Despite my best judgment I ended up watching KAOS on Netflix. The premise seems to be, "What if O Brother Where Art Thou met American Gods and had a threesome with a high school book of Greek Myths?
Which sounds fine, I guess. The main problem - or attraction - is its use of a device I call Stolen Valor. (I'm aware that calling something Stolen Valor that isn't Stolen Valor is in itself Stolen Valor, but I can't think of another name.) This Stolen Valor - Mark II, perhaps - is bringing in legendary slices of pop music at chosen moments to substitute for an Eyeball Kick the visuals can't provide. I can understand why it's done, but the calculatedness takes me out of the moment.
The very first scene of the series is double-underlined and italicized by the use of the stonking introductory riff of Dire Strait's "Money For Nothing." Whatever you may think of Dire Straits and their legacy, there's no doubt that guitar sound makes the heart beat faster. What was weirder is the director kept it going when the vocals started, yea unto the line "Look at them yo-yos." Slight loss of dignity there, I thought.
One after another the hits kept coming, with a high point for me being a few bars of The Kills' "Future Starts Slow," another track where the guitar sounds as if it's about ready to burst its skin and swoop down to eat your face.
By the third of fourth episode I'd gotten used to it, and then they used just a smidgen of Dawn Penn's 1993 reggae classic "You Don't Love Me (No No No)."
2 comments:
So what you're saying is that focusing on the use of music is the way to get past the horrible writing and performances? I actually made it through the first episode, but could go no further.

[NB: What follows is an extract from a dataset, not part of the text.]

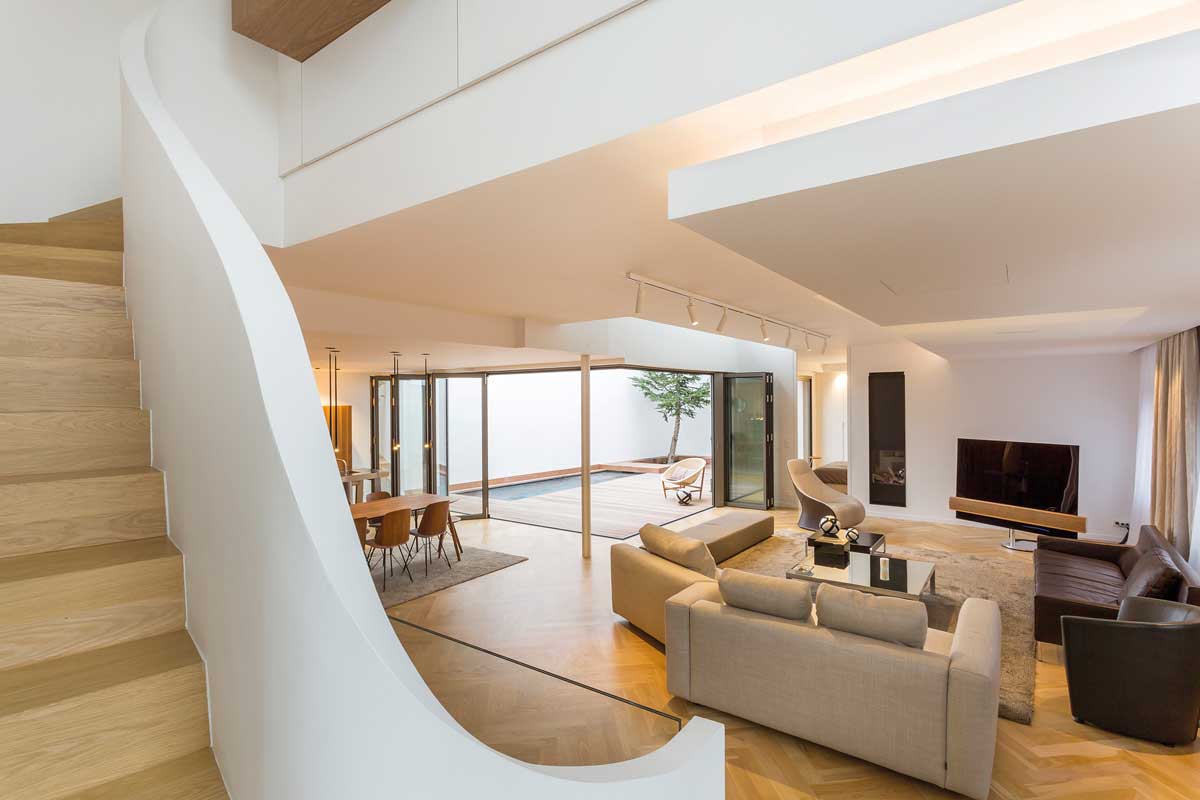 Livrée en juillet 2018, après 14 mois de chantier et l’intervention d’une vingtaine d’entreprises, l’habitation de Corinne et Thomas compte trois niveaux. Au rez-de-chaussée : l’entrée et l’escalier, le garage, la salle de gym, le bureau, la buanderie. Au premier : les pièces à vivre, la suite parentale, le patio avec piscine. Au second : trois chambres avec salle de bains. Le projet se développe à grande échelle. « Ses dimensions sont démesurées mais ramenées au volume, elles restent à proportion. » 250 m2 de surface habitable, une pièce à vivre de 90 m2, des menuiseries en accordéon de 14 m de long, une baie fixe de 6 m de haut dans l’escalier, une terrasse de 50 m2, une jardinière de 3 m de côté pour accueillir un cèdre du Liban, une piscine… Pour autant, aucun élément technique n’est visible. Rien ne perturbe la lisibilité fluide de l’espace. Évidemment, la tenue d’un tel projet ne va pas sans une relation solide avec « des clients à l’écoute et de bon goût ».

Sorry, Blogger has given up telling me when people comment. I just saw this. Yes, the music being excellent certainly took the edge off the rest of it. I thought the writing was okay, assuming you like your Greek Myths severely mangled, which I don't. (Why would King Minos be the Minotaur's father? Plot reasons!) I thought it was a bit like Brand New Cherry Flavor in tone and it certainly made more sense when I realized it was British in conception.